If you are a tech lead in a team, it's important to show team members that you value improving the health of a code base. That judgment I mentioned earlier on whether to refactor or not is something that takes lots of years of experience to build. The less experience in refactoring need lots of mentoring to accelerate them through the process.

We refactor because it makes us faster - faster to add features, faster to fix bugs. It's important to keep the in front of your mind and in front of communication with others. The economic benefits of refactoring should always be the driving factor and the more that is understood by developers, managers, and customers, the more of the "good design" curve we'll see.

Such function are part of a published interface - an interface that is used by clients independent of those who declare the interface.

Code ownership boundaries get in the way of refactoring because I cannot make the kinds of changes I want without breaking my clients.

My preference is to allow team ownership of code - so that anyone in the same team can modify the team's code, even if originally written by someone else.

The problem of complicated merges gets exponentially worse as the length of features branches increases. Integrating branches that are four weeks old is more than twice as hard as those that are a couple of weeks old. Many people, therefore, argue for keeping feature branches short - perhaps just a couple of days. Others, such as me, want them even shorter that that. This is an approach called Continuous Integration (CI), also known as Trunk-Based Development. With CI, each team member integrates with mainline at least once per day. This prevents any branches diverting too far from each other and this greatly reduces the complexity of merges. CI doesn't come for free: It means you use practices to ensure the feature toggles (aka feature flags) to switch off any in-process features that can't be broken down.

Refactorings often involve making lots of little changes all over the code base—which are particularly prone to semantic merge conflicts (such as renaming a widely used function). Many of us have seen feature-branching teams that find refactorings so exacerbate merge problems that they stop refactoring. CI and refactoring work well together, which is why Kent Beck combined them in Extreme Programming.

The key here is being able to catch an error quickly. To do this, realistically, I need to be able to run a comprehensive test suite on the code—and run it quickly, so that I'm not deterred from running it frequently. This means that in most cases, if I want to refactor, I need to have self-testing code.

The obvious answer to this problem is that you add tests. But while this sounds a simple, if laborious, procedure, it's often much more tricky in practice. Usually, a system is only easy to put under test if it was designed with testing in mind—in which case it would have the tests and I wouldn't be worrying about it.

Even when I do have tests, I don't advocate trying to refactor a complicated legacy mess into beautiful code all at once.
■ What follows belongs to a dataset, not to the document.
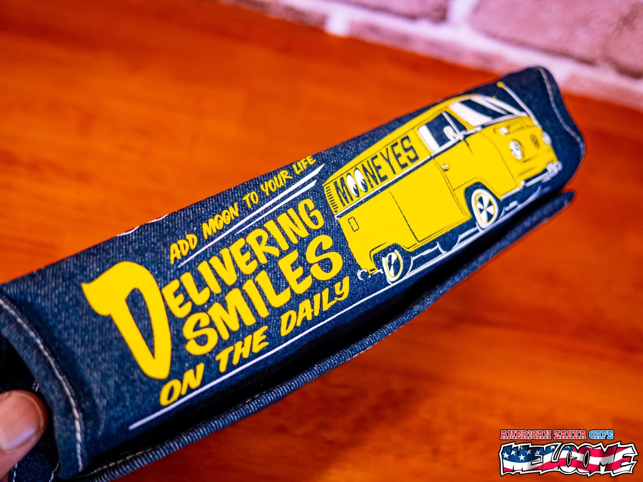 Yellow Color の VW Type-II と 『ADD MOON TO YOUR LIFE』、『DELIVERING SMILES ON THE DAILY』のメッセージをプリントしました。

What I prefer to do is tackle it in relevant pieces. Each time I pass through a section of the code, I try to make it a little bit better—again, like leaving a camp site cleaner than when I found it. If this is a large system, I'll do more refactoring in areas I visit frequently—which is the right thing to do because, if I need to visit code frequently, I'll get a bigger payoff by making it easier to understand.

One difference from regular refactorings is that database changes often are best separated over multiple releases to production. This makes it easy to reverse any change that causes a problem in production. So, when renaming a field, my first commit would add the new database field but not use it. I may then set up the updates so they update both old and new fields at once. I can then gradually move the readers over to the new field. Only once they have all moved to the new field, and I've given a little time for any bugs to show themselves, would I remove the now-unused old field.
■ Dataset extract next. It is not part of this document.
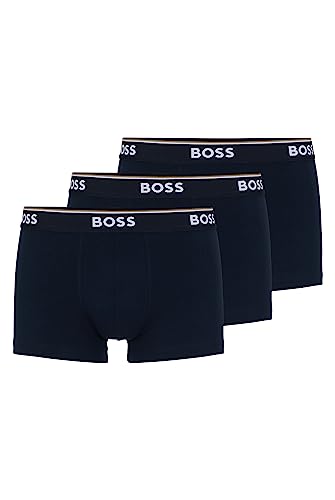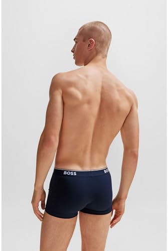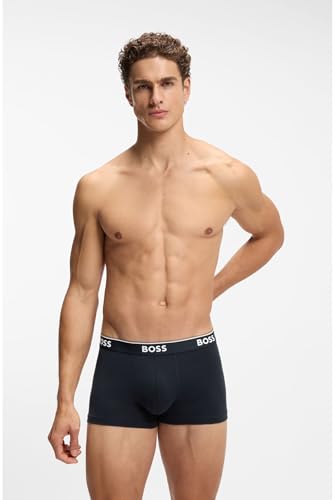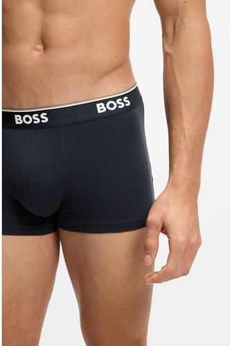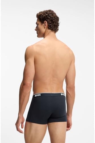 BOSS Mens Trunk 3P Power Three-Pack of Logo-Waistband Trunks in Stretch Cotton

Refactoring, Architecture, and Yagni

The real impact of refactoring on architecture is in how it can be used to form a well-designed code base that can respond gracefully to changing needs. The biggest issue with finishing architecture before coding is that such an approach assumes the requirements for the software can be understood early on. But experience shows that this is often, even usually, an unachievable goal. Repeatedly, I saw people only understand what they really needed from software once they'd had a chance to use it, and saw the impact it made to their work.
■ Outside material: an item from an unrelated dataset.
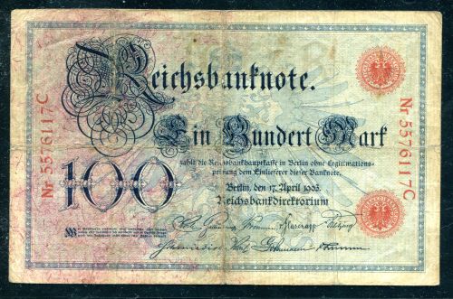 LIQUIDATIONSPOSTEN.1903 Reichsbanknote 100 Mark. Rosenberg Katalog Nr. 20 mehrmals gefaltet.

With refactoring, I can use a different strategy. Instead of speculating on what flexibility I will need in the future and what mechanisms will best enable that, I build software that solves only the currently understood needs, but I make this software excellently designed for those needs. As my understanding of the users' needs changes, I use refactoring to adapt the architecture to those new demands. I can happily include mechanisms that don't increase complexity (such as small, well-named functions) but any flexibility that complicates the software has to prove itself before I include it.

Yagni doesn't imply that architectural thinking disappears, although it is sometimes naively applied that way. I think of yagni as a different style of incorporating architecture and design into the development process—a style that isn't credible without the foundation of refactoring.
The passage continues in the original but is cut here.